Research

The Centre’s research addresses challenges at the intersection of finance, technology and regulation. It is grounded in econometric inference, causal reasoning and financial theory, and critically evaluates emerging computational methods where evidence supports their use. Research is organised around four discipline-led themes, with two cross-cutting application tracks.

Theme 1 — Responsible models and governance

Governance of algorithmic systems in financial markets: how models used in lending, compliance and surveillance can be made transparent, auditable and accountable. Includes computational approaches to regulation and market surveillance, explainability and fairness assessment, and the validation and control of algorithmic decision systems.

This theme anchors the Centre’s two Collaborative Doctoral Partnership scholarships in financial-crime detection and anti-money-laundering investigator training, and the developing CFRT/AICC white paper on AI in financial services.

Theme 2 — Causal and econometric methods for risk and policy

Causal inference and econometric modelling for systemic risk, credit risk and policy evaluation, prioritising identification and uncertainty quantification over correlational pattern-finding. Active work includes Bayesian systemic-risk modelling in European banking and research on climate risk in credit unions.

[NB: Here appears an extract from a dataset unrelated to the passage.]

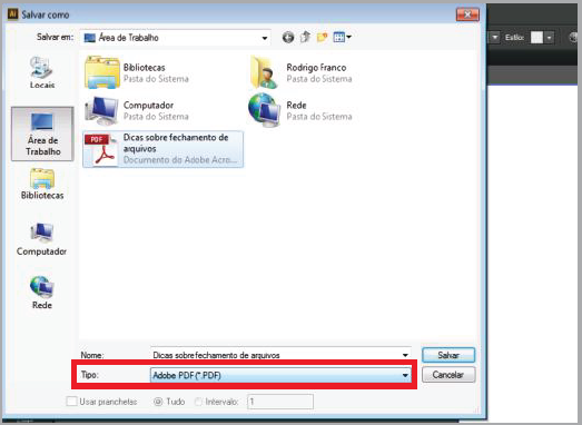 Em seguida, selecione o "Tipo" de arquivo para “Adobe PDF” e clique em "Salvar".

Theme 3 — Market microstructure and trading analytics

Asset pricing, portfolio construction and trading-signal research, with explicit, like-for-like comparison of machine-learning methods against interpretable baselines. The emphasis is partial explainability with an honest account of what remains unexplained.

Theme 4 — Financial text and document intelligence

Natural-language and foundation-model methods applied to corporate disclosure, sentiment, patents and other financial documents, with human evaluative judgement embedded in the workflow. This theme anchors the patent-text doctoral scholarship.

Application tracks (in development)

  • Climate finance: climate-risk modelling and the governance of measurement, reporting and verification infrastructure.
  • AI ethics: explainability, fairness assessment and privacy in financial decision systems.

Research infrastructure

Through a developing collaboration with the University’s AI Collaboration Centre, the Centre accesses high-performance computing and specialist data-science expertise, supporting collaborative research without replicating that infrastructure independently.